-- Provided material follows --

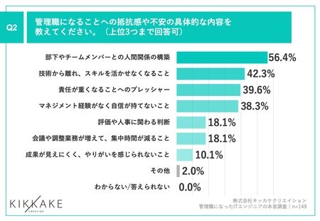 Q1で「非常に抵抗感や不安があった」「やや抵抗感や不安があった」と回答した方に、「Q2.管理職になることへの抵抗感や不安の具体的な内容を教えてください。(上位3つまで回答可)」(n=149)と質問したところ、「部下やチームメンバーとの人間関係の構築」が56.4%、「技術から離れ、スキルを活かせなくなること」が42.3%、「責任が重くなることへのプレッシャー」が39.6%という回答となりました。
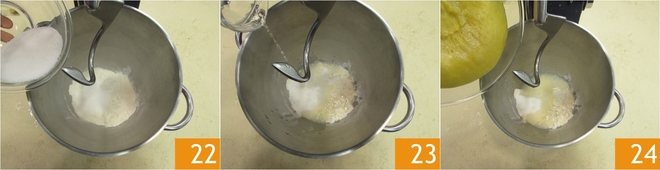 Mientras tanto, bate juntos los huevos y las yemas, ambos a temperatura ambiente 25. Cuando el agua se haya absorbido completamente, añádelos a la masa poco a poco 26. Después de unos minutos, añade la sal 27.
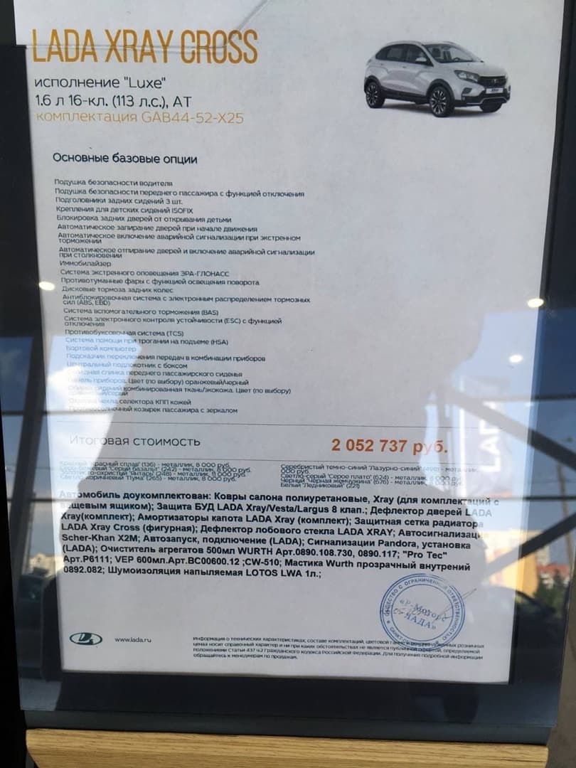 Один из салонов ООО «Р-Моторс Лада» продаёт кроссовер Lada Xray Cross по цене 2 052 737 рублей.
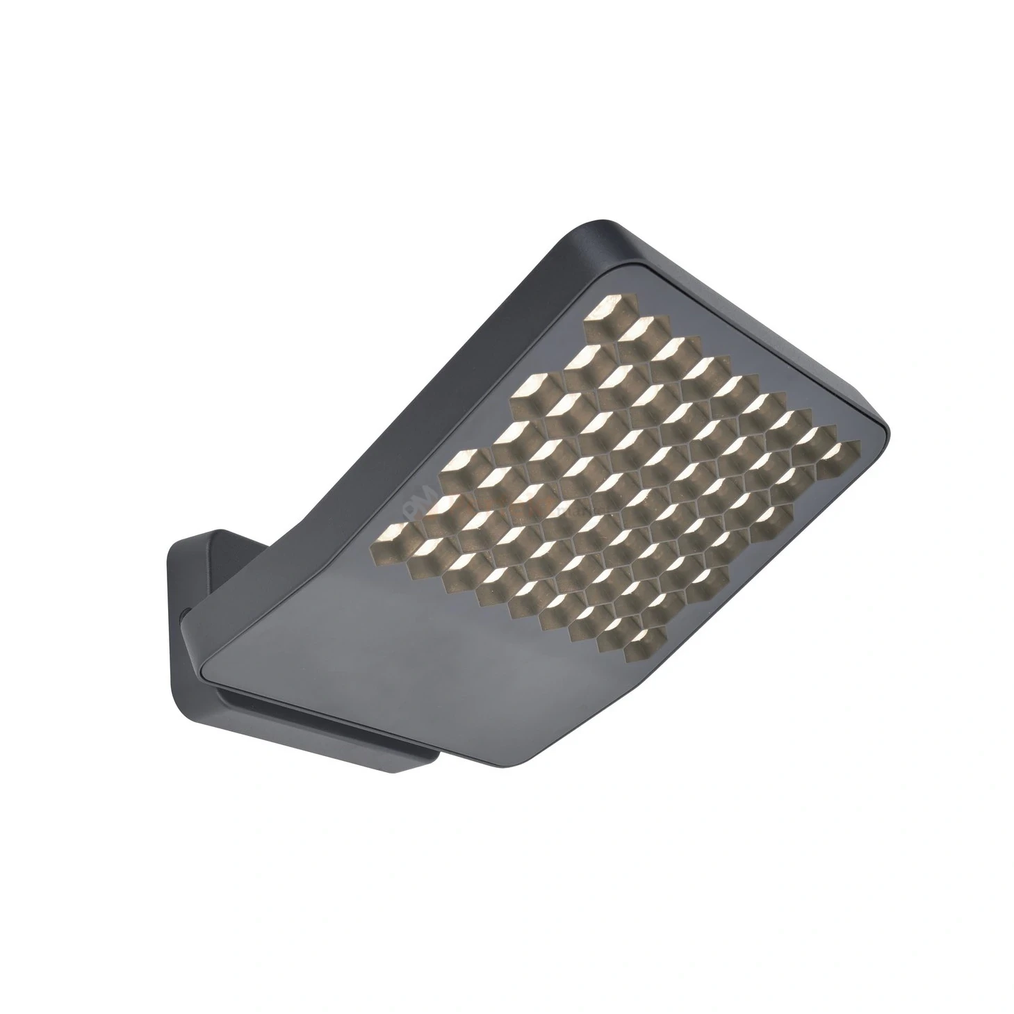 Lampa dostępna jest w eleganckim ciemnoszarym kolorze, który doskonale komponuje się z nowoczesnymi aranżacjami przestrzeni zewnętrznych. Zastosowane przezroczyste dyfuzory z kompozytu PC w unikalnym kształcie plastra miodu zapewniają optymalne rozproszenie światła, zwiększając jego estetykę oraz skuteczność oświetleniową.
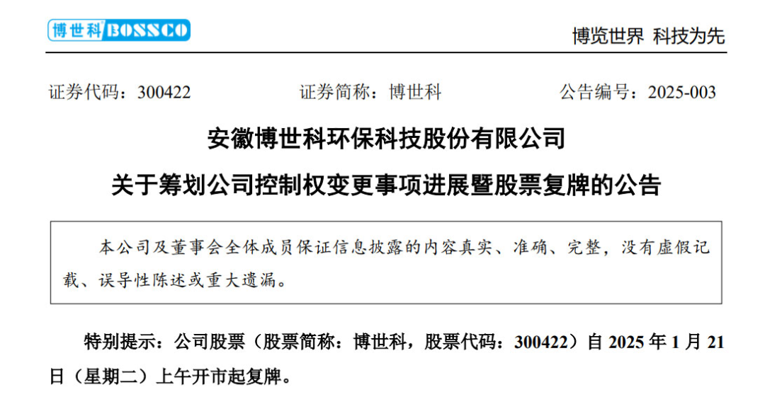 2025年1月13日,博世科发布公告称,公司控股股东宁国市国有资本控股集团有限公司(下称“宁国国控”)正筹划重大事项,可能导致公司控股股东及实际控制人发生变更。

-- Provided material concluded --

- [Task description] Could you transcribe all of the data exactly and omit the pictures?

- [Response to this exercise]
 Q1で「非常に抵抗感や不安があった」「やや抵抗感や不安があった」と回答した方に、「Q2.管理職になることへの抵抗感や不安の具体的な内容を教えてください。(上位3つまで回答可)」(n=149)と質問したところ、「部下やチームメンバーとの人間関係の構築」が56.4%、「技術から離れ、スキルを活かせなくなること」が42.3%、「責任が重くなることへのプレッシャー」が39.6%という回答となりました。
 Mientras tanto, bate juntos los huevos y las yemas, ambos a temperatura ambiente 25. Cuando el agua se haya absorbido completamente, añádelos a la masa poco a poco 26. Después de unos minutos, añade la sal 27.
 Один из салонов ООО «Р-Моторс Лада» продаёт кроссовер Lada Xray Cross по цене 2 052 737 рублей.
 Lampa dostępna jest w eleganckim ciemnoszarym kolorze, który doskonale komponuje się z nowoczesnymi aranżacjami przestrzeni zewnętrznych. Zastosowane przezroczyste dyfuzory z kompozytu PC w unikalnym kształcie plastra miodu zapewniają optymalne rozproszenie światła, zwiększając jego estetykę oraz skuteczność oświetleniową.
 2025年1月13日,博世科发布公告称,公司控股股东宁国市国有资本控股集团有限公司(下称“宁国国控”)正筹划重大事项,可能导致公司控股股东及实际控制人发生变更。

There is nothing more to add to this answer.